▶ _Records from a dataset_

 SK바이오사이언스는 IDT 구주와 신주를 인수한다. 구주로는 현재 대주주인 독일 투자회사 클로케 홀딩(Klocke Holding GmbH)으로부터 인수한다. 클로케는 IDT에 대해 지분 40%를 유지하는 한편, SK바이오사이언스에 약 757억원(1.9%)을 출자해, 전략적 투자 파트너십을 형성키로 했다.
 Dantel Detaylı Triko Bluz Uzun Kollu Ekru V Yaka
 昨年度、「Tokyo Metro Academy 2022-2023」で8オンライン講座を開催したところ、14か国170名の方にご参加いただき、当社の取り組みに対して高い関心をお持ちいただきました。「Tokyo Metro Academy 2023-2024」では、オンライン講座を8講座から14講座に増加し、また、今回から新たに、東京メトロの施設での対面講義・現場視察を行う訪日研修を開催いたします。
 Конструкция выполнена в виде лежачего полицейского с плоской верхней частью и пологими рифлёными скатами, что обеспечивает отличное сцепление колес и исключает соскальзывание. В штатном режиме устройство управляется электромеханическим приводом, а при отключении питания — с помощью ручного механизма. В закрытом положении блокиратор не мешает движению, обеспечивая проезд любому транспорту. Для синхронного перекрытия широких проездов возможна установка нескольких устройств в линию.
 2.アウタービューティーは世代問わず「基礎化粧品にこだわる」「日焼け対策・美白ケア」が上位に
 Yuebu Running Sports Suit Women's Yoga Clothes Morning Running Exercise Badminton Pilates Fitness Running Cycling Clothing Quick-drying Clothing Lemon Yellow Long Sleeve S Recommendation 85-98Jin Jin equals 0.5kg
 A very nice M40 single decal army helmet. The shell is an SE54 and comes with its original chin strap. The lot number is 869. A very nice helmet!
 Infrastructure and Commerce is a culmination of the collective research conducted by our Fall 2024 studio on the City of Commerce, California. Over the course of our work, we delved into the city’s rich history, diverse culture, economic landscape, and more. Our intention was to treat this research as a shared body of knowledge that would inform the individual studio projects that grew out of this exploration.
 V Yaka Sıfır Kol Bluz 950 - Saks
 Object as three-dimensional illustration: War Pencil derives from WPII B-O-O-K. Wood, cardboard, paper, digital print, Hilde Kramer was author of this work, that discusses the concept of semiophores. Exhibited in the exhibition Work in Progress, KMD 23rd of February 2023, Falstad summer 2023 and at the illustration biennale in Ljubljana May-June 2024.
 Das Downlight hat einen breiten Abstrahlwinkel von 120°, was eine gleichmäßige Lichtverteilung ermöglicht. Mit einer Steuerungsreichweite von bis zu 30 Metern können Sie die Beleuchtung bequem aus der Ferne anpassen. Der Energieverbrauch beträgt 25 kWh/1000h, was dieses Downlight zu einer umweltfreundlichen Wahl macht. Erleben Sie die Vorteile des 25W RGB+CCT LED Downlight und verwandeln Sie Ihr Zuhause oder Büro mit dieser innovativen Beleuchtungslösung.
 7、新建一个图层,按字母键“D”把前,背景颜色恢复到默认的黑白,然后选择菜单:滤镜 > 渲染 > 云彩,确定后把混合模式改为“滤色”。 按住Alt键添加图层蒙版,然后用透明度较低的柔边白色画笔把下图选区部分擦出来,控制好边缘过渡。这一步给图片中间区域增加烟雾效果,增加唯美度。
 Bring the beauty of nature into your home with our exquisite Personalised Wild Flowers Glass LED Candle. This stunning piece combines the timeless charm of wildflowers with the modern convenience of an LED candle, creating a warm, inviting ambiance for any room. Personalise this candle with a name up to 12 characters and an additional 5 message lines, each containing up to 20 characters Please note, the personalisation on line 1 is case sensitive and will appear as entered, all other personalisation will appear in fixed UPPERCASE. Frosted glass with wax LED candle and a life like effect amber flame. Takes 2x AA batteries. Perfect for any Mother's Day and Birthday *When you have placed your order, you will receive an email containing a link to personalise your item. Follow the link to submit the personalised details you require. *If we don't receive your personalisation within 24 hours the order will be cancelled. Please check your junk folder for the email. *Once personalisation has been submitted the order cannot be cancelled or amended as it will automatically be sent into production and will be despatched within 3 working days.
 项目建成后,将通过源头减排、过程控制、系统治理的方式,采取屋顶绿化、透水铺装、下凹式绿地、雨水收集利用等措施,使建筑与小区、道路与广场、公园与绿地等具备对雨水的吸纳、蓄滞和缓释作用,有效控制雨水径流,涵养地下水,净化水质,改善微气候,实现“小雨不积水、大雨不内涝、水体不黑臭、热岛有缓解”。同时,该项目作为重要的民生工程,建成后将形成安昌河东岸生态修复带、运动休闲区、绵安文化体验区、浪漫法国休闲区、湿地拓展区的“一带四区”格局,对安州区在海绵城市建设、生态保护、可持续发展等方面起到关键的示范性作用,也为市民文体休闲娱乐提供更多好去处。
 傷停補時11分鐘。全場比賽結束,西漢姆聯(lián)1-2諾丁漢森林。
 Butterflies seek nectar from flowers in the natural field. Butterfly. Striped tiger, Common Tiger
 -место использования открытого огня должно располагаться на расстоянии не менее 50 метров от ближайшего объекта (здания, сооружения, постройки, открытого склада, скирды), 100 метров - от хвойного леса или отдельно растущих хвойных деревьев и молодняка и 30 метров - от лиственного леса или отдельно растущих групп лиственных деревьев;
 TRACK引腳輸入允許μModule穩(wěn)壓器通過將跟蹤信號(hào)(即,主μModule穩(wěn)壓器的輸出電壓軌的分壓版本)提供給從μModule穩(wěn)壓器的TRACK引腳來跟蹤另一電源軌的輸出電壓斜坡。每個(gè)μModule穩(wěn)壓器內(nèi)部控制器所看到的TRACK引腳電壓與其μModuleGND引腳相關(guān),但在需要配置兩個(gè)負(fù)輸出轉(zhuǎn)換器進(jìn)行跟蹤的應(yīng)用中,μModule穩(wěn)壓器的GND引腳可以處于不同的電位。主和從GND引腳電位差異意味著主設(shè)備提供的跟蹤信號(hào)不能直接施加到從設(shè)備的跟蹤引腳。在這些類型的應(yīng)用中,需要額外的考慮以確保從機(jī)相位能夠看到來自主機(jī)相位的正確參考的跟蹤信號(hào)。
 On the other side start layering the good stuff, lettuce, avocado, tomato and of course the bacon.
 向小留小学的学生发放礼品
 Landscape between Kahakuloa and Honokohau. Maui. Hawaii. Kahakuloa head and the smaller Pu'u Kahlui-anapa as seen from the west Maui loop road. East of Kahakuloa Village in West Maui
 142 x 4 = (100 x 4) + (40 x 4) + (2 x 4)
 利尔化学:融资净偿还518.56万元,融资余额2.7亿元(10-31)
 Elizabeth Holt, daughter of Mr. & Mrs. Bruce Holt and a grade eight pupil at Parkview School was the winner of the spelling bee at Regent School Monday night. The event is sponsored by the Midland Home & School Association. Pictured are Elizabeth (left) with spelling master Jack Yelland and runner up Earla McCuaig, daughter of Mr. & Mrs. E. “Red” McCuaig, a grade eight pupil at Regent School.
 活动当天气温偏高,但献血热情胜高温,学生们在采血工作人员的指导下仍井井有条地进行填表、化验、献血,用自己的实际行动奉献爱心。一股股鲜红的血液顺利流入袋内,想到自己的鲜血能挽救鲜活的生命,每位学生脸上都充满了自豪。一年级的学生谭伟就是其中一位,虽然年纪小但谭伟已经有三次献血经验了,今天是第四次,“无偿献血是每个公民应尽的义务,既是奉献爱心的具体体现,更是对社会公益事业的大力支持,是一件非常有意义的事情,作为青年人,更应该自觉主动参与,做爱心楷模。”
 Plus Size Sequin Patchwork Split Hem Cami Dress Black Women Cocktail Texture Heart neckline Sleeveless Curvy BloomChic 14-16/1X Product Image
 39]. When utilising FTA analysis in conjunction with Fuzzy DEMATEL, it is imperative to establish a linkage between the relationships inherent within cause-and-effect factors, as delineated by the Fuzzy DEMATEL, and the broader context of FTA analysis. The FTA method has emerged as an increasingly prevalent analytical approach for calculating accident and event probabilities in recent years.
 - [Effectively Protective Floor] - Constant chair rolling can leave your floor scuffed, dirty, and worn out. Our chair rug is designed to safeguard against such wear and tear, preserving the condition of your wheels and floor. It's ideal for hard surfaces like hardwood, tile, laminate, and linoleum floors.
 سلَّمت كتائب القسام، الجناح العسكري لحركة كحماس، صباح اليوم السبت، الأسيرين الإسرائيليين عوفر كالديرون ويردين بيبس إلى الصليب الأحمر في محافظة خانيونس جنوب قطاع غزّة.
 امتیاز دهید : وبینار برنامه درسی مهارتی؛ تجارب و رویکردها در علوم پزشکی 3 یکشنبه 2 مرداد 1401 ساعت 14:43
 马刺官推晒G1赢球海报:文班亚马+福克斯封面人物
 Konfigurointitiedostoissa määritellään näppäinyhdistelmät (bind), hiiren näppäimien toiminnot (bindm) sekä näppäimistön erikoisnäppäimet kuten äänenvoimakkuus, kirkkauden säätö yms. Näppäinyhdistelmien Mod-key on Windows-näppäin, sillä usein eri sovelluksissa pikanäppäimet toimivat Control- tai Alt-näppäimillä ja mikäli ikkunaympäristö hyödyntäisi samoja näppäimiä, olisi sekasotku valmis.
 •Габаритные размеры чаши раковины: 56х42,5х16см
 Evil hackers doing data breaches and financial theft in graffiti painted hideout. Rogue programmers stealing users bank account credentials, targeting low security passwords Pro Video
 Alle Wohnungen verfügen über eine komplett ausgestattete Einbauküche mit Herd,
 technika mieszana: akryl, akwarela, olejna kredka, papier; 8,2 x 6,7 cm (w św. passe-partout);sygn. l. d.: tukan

▶ _What the task requires_
Exactly as written, please transcribe the lines from the start of the records above to the line that holds "Yuebu Running Sports", both ends included.

▶ _Response area_
 SK바이오사이언스는 IDT 구주와 신주를 인수한다. 구주로는 현재 대주주인 독일 투자회사 클로케 홀딩(Klocke Holding GmbH)으로부터 인수한다. 클로케는 IDT에 대해 지분 40%를 유지하는 한편, SK바이오사이언스에 약 757억원(1.9%)을 출자해, 전략적 투자 파트너십을 형성키로 했다.
 Dantel Detaylı Triko Bluz Uzun Kollu Ekru V Yaka
 昨年度、「Tokyo Metro Academy 2022-2023」で8オンライン講座を開催したところ、14か国170名の方にご参加いただき、当社の取り組みに対して高い関心をお持ちいただきました。「Tokyo Metro Academy 2023-2024」では、オンライン講座を8講座から14講座に増加し、また、今回から新たに、東京メトロの施設での対面講義・現場視察を行う訪日研修を開催いたします。
 Конструкция выполнена в виде лежачего полицейского с плоской верхней частью и пологими рифлёными скатами, что обеспечивает отличное сцепление колес и исключает соскальзывание. В штатном режиме устройство управляется электромеханическим приводом, а при отключении питания — с помощью ручного механизма. В закрытом положении блокиратор не мешает движению, обеспечивая проезд любому транспорту. Для синхронного перекрытия широких проездов возможна установка нескольких устройств в линию.
 2.アウタービューティーは世代問わず「基礎化粧品にこだわる」「日焼け対策・美白ケア」が上位に
 Yuebu Running Sports Suit Women's Yoga Clothes Morning Running Exercise Badminton Pilates Fitness Running Cycling Clothing Quick-drying Clothing Lemon Yellow Long Sleeve S Recommendation 85-98Jin Jin equals 0.5kg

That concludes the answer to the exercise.